Their-Invisible-Hands

Une musique du peu, bien plus que minimaliste d’ailleurs. Le terme, là encore, est imprécis. Il occulte une dimension essentielle de la musique de Clara Engel : le dépouillement, la pureté. Une musique purifiée. Clara Engel polit ses chansons, les débarrasse progressivement de tout ce qui pourrait être inutile et qui pourrait polluer l’écoute : « I want the bones of the song to shine through with clarity, so I want all the other elements to support them. » Et pour atteindre cet objectif, Clara Engel travaille et retravaille, version après version. Le travail, l’exercice — la pratique — sont essentiels. Ce qui l’intéresse n’est pas le but mais le chemin. Vivre et écrire des chansons obéissent à la même règle : travailler, répéter, s’exercer. Quand la vie s’arrêtera, le travail s’arrêtera également. Et réciproquement.

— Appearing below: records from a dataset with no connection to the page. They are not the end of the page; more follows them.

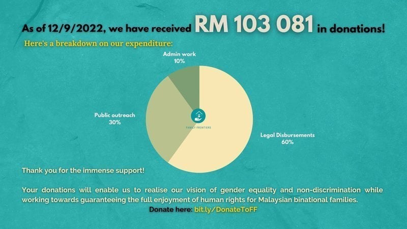 You play a crucial role in our campaign. We hope you can continue to support our efforts and spread the word! Your contribution brings us one step closer to our goal each day and ends the struggles of Malaysian women and their overseas-born children. You can continue to donate to Family Frontiers here: bit.ly/DonateToFF.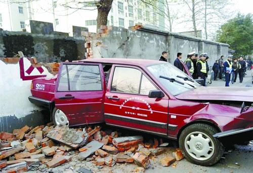 駕校訓(xùn)練場與路面落差有2米多高,這輛教練車接連沖破了圍欄、隔離墩和圍墻。 網(wǎng)友 王梓媽 本報記者 董旭明 攝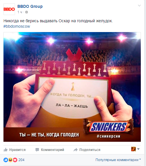 Название ошибочно объявленного победителем фильма Ла-Ла Ленд креативщики использовали в рекламе Snickers. Баннер опубликован на странице агентства в Facebook в сопровождении привычного слогана бренда «Ты – не ты, когда голоден».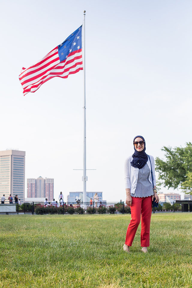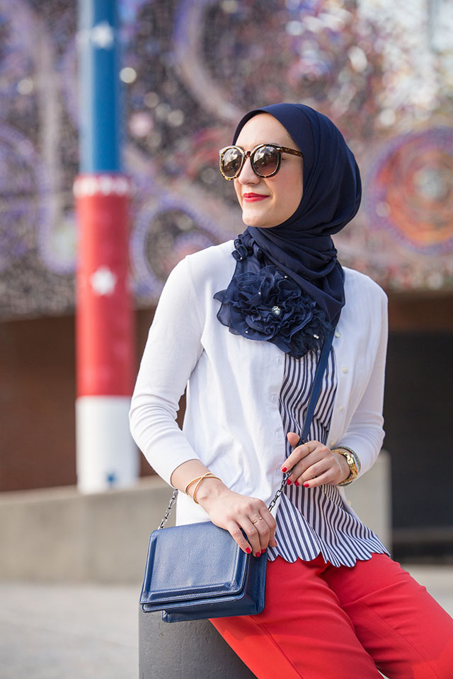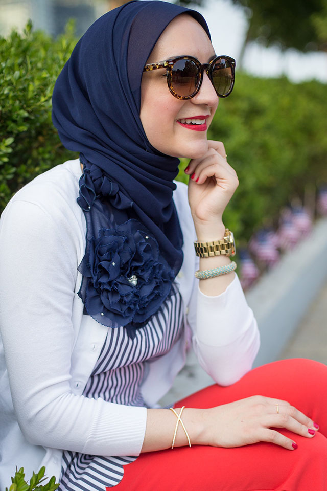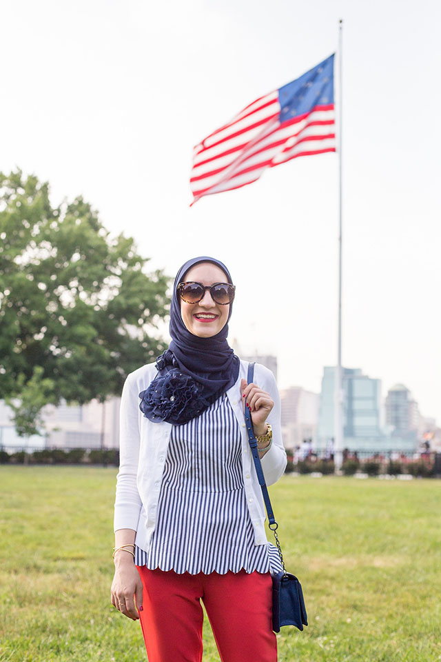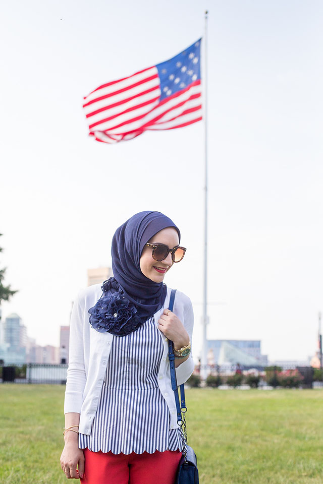 This year I will be traveling on the fourth and may not be able to catch the fireworks – but that’s okay! I’m mostly excited to style some red, white, and blue looks for the holiday weekend. I’ve recently become obsessed with scallop theme clothes and can’t get enough of all the options at Banana Republic. I LOVE these adorable red scallop hemmed pants from BR. I find them extremely versatile to wear to work and dress them up for a night out with stilettos and a cute top. During these warmer days I’ve switched my hijab style to lighter fabrics like this beautiful chiffon scarf from Veilure Couture. I’m definitely packing this beautiful shawl with me for my trip to California next weekend!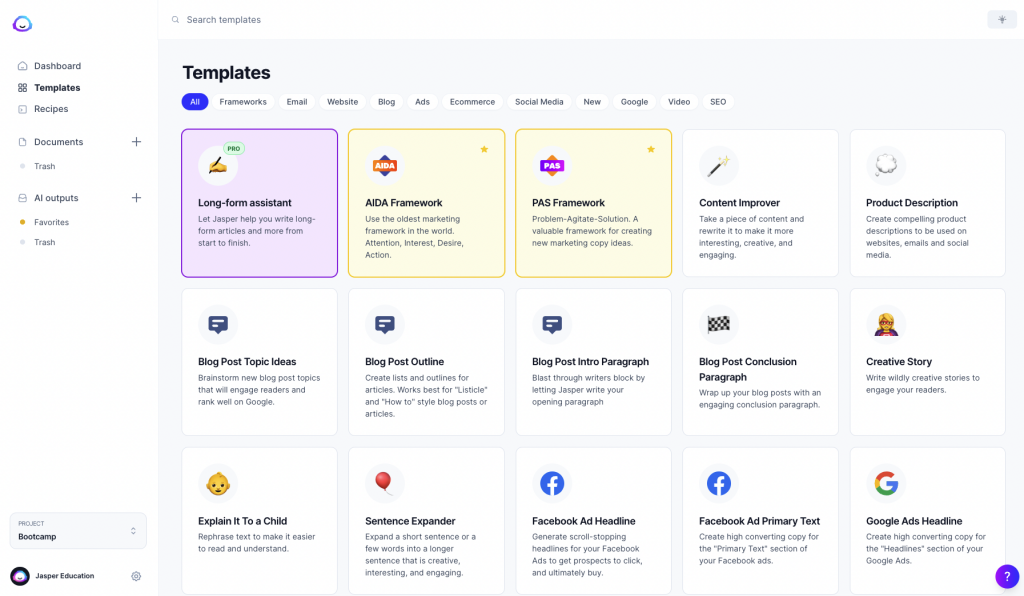 Content creators often need to adapt their writing style and format to cater to various industries, niches, and platforms. Jasper AI’s versatility enables users to generate content in a wide range of styles and formats, from formal reports and academic articles to casual blog posts and social media updates.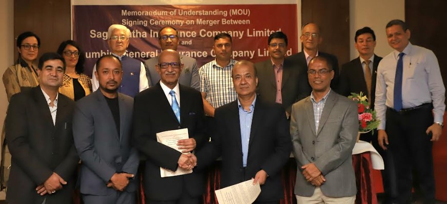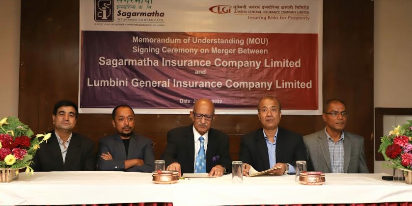 काठमाडौं । लुम्बिनी जनरल इन्स्योरेन्स कम्पनी र सगरमाथा इन्स्योरेन्स कम्पनीबीचमा आपसी मर्जरमा जाने सहमति पत्र (एमओयु) मा भर्खरै हस्ताक्षर सम्पन्न भएको छ ।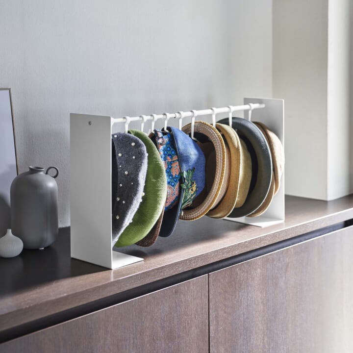 帽子のほかに、スカーフやファッション小物など、工夫次第でさまざまなものを収納できます。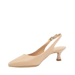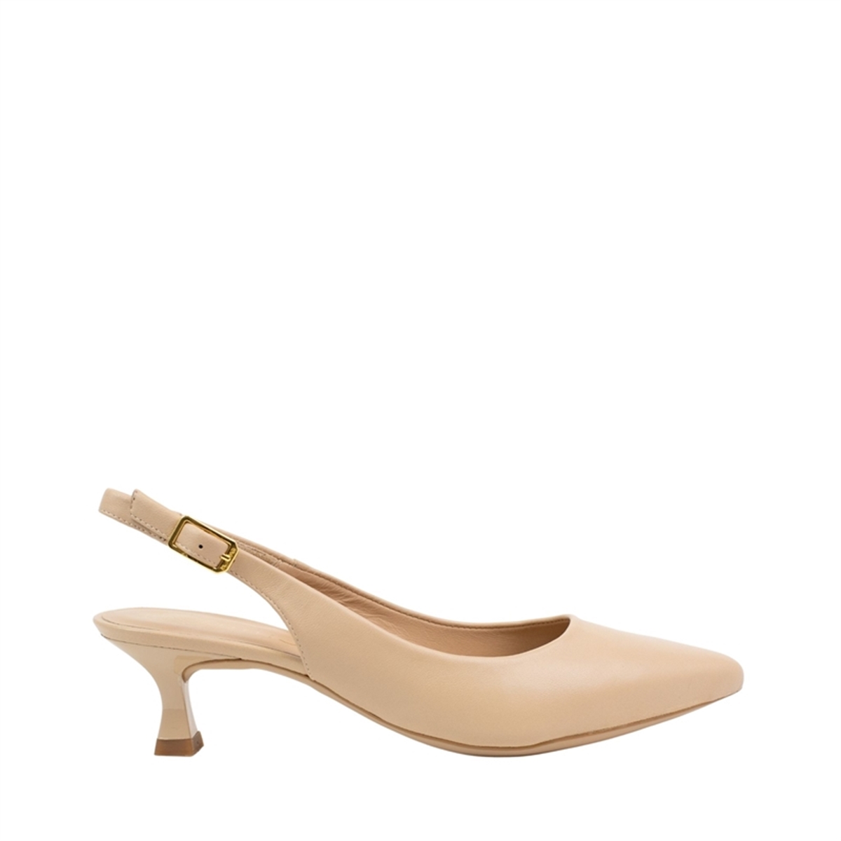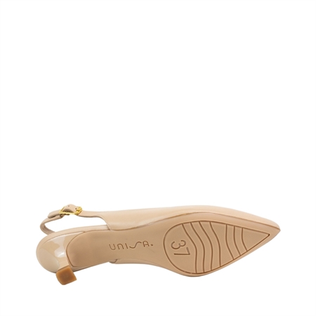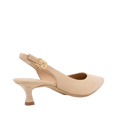 Shoe slingback made of leather. Slim heel 5cm lacquered tone on tone. Adjustable on the ankle with metal buckle. Light, flexible and non-slip rubber sole. A classic style that fits a casual chic outfit or an elegant outfit.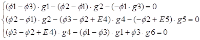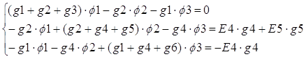 Где: gk=1/Zk - проводимость, k = 0…6. Подставив токи в уравнения составленные по первому закону Кирхгофа, получили систему уравнений: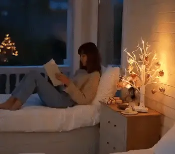 Et lite, opplyst bjørketre som sprer en varm glød og minner oss om det fredelige øyeblikket når alt føles ... riktig.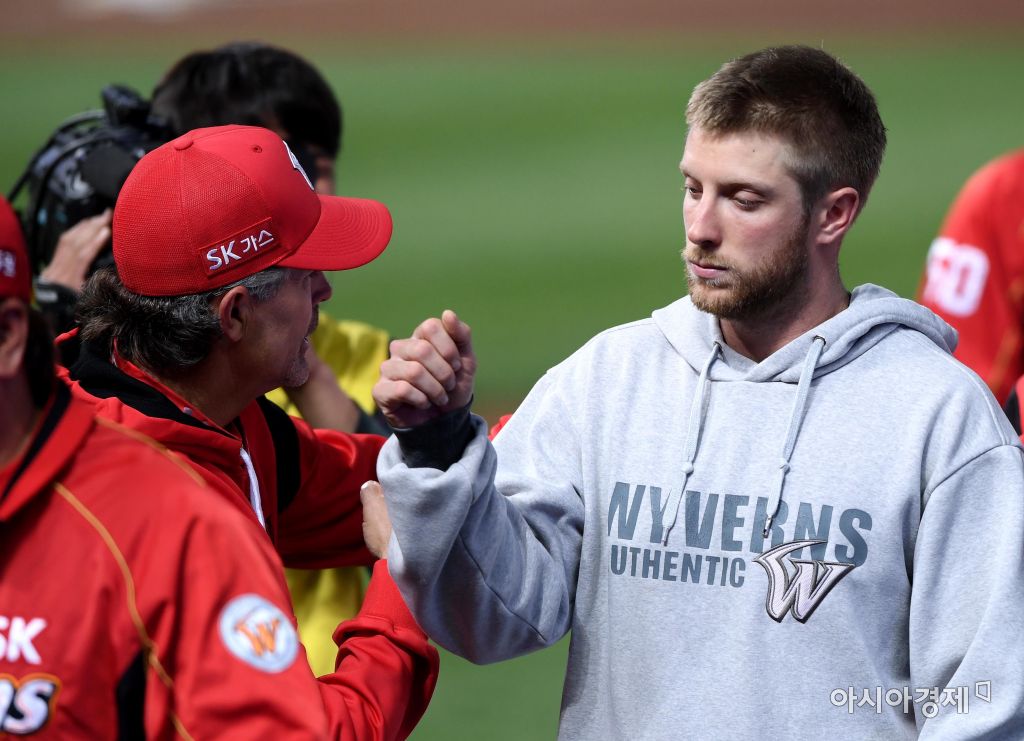 [인천=아시아경제 김현민 기자]프로야구 KIA 타이거즈와 SK와이번스의 2017 KBO리그 경기가 12일 인천 SK행복드림구장에서 열렸다. SK 켈리가 8-2 승리를 확정한 뒤 힐만 감독과 기뻐하고 있다. 켈리는 선발 등판해 7이닝 2실점 호투로 시즌 3승을 챙겼다. 김현민 기자 kimhyun81@asiae.co.kr<ⓒ세계를 보는 창 경제를 보는 눈, 아시아경제(www.asiae.co.kr) 무단전재 배포금지>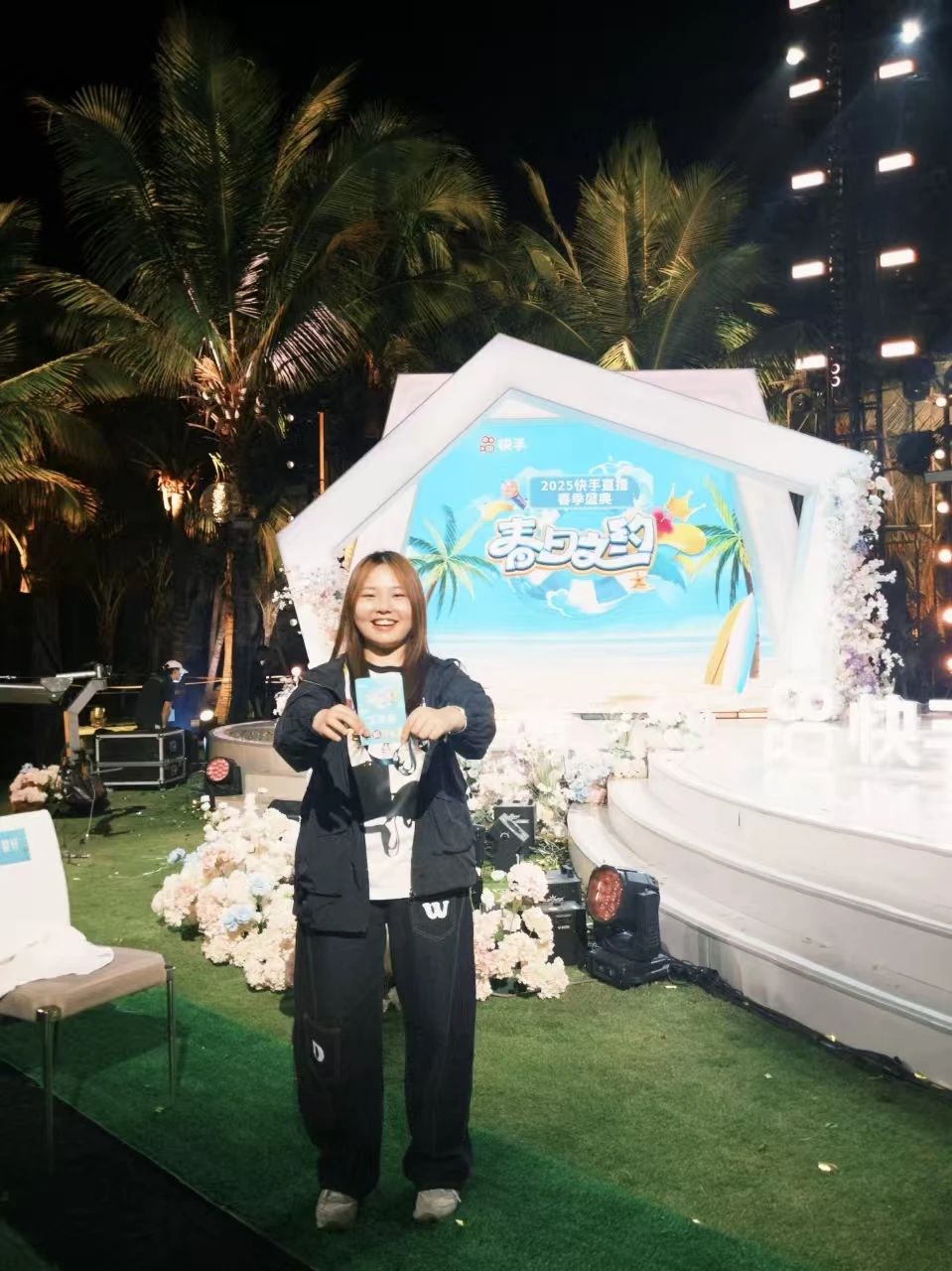 4月14日—16日,在三亚海棠湾蔚蓝大海边,网络与新媒体专业(直播方向)2401班吴思莹、顾嘉怡、聂镇洋、马宇彤、孙睿、孙一然等同学圆满完成2025快手直播春季盛典实习任务。为深化产教融合、创新实践教学模式,直播系积极推进产教协同育人机制建设,此次网络与新媒体(直播方向)创新班6位同学们全程参与承担直播导播、现场执行及运营工作,以专业表现赢得主办方高度评价,展现了公司应用型人才培养的改革成效。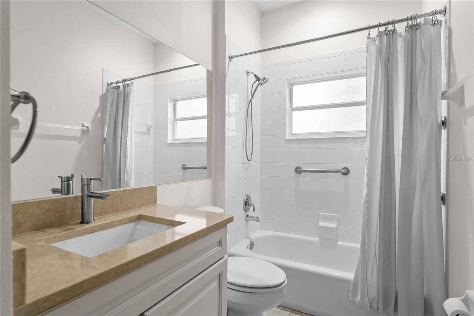 The guest bathroom has also been updated with a new vanity, comfort-height toilet, and an additional light fixture above the tub.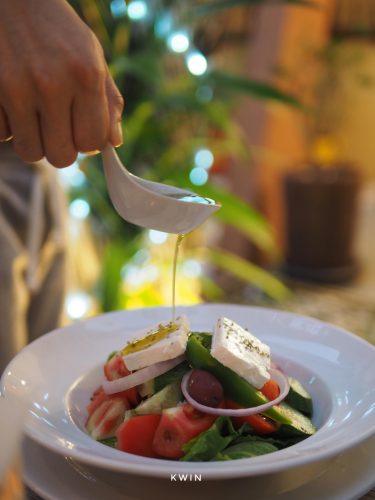 พระเอกของงานคงต้องบอกว่าคือสลัดจานนี้ เพราะสื่อสารถึงวัฒนธรรมการกินของผู้คนแถบเมดดิเตอร์เรเนียนได้อย่างดี กับวัตถุดิบหลักๆที่หั่นมาเป็นชิ้นใหญ่พอดีคำตามแบบท้องถิ่น ส่วนประกอบหลักของสลัดจานนี้ คือ แตงกวา มะเขือเทศ หัวหอม(ซึ่งใช้หัวหอมแดงเพื่อให้ผสมผสานสไตล์ไทยด้วย) และที่ขาดไม่ได้ นั่นคือโอลีฟ(เหมือนชื่อร้าน)ซึ่งนำเข้ามาจากแหล่งขึ้นชื่อ และสุดท้ายโรยด้วยทาลามัตตาหรือ ชีสไสลด์ซึ่งทำจากนมแพะ

« I do edit my words quite rigorously, I tend to have many drafts of a song, but I don’t really believe in achievements so much as I believe in having a practice. My practice is to write these songs. The work ends when my life ends – and I mean that in a life-affirming way. »
(Clara Engel)

Cette musique pure est aussi une musique de la purification, du dépouillement. C’est là que le terme de « sacré » prend tout son sens. Écouter Their Invisible Hands c’est faire une expérience quasi-mystique dans laquelle on finit par s’évader complètement, oublier même qu’on écoute de la musique. Écouter cet album, c’est ouvrir une porte et commencer un voyage dans une autre dimension. Planer au dessus du sol dans une forêt étrange où flotte une brume tiède et rassurante, avancer vers l’inconnu sans aucune peur ni inquiétude. Clara Engel nous emmène ailleurs mais en restant avec nous, toujours. L’impression de ramer dans une mer de feuilles d’or – le titre d’un des morceaux, le superbe instrumental Rowing Home Through a Sea of Golden Leaves. Lentement, comme dans une procession. Et cela dure pendant plus d’une heure (la durée de l’album).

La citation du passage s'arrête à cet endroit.